Artikel 3.2.7 Sekswinkels

Het is de rechthebbende op een onroerende zaak verboden daarin een sekswinkel te exploiteren in door het college in het belang van de openbare orde of de woon- en leefomgeving aangewezen gebieden of delen van de gemeente.

Artikel 3.2.8 Tentoonstellen, aanbieden en aanbrengen van erotisch-pornografische goederen, afbeeldingen en dergelijke

  • 1.

    Het is de rechthebbende op een onroerende zaak verboden daarin of daarop goederen, opschriften, aankondigingen, gedrukte of geschreven stukken dan wel afbeeldingen van erotisch-pornografische aard openlijk ten toon te stellen, aan te bieden of aan te brengen:

    • a.

      indien het bevoegd bestuursorgaan aan de rechthebbende heeft bekendgemaakt dat de wijze van tentoonstellen, aanbieden of aanbrengen daarvan, de openbare orde of de woon- en leefomgeving in gevaar brengt;

    • b.

      anders dan overeenkomstig de door het bevoegd bestuursorgaan in het belang van de openbare orde of de woon- en leefomgeving gestelde regels.

  • 2.

    Het in het eerste lid gestelde verbod is niet van toepassing op het tentoonstellen, aanbieden of aanbrengen van goederen, opschriften, aankondigingen, gedrukte of geschreven stukken dan wel afbeeldingen, die dienen tot het openbaren van gedachten en gevoelens als bedoeld in artikel 7, eerste lid van de Grondwet.

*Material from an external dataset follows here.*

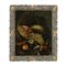 Cornice d'epoca di legno scolpito, laccata e dorata in foglia oro nei nastrini che si intermezzano alla decorazione di frutta e fiori.

Paragraaf 3 Beslissingstermijnen en weigeringsgronden

Artikel 3.3.1 Beslistermijn

  • 1.

    Het bevoegd bestuursorgaan neemt het besluit op de aanvraag om vergunning als bedoeld in artikel 3.2.1, eerste lid, binnen twaalf weken na de dag waarop de aanvraag ontvangen is.

  • 2.

    Het bevoegd bestuursorgaan kan zijn besluit voor ten hoogste twaalf weken verdagen.

Artikel 3.3.2 Weigeringsgronden

De vergunning als bedoeld in artikel 3.2.1, eerste lid, wordt geweigerd indien:

  • a.

    de exploitant of de beheerder niet voldoet aan de in artikel 3.2.2 gestelde eisen;

  • b.

    de vestiging of de exploitatie van de seksinrichting of escortbedrijf in strijd is met een geldend bestemmingsplan, stadsvernieuwingsplan;

  • c.

    er aanwijzingen zijn dat in de seksinrichting of het escortbedrijf personen werkzaam zijn of zullen zijn in strijd met artikel 273fvan het Wetboek van Strafrecht, of met het bij of krachtens de Wet arbeid vreemdelingen of de Vreemdelingenwet bepaalde;

  • d.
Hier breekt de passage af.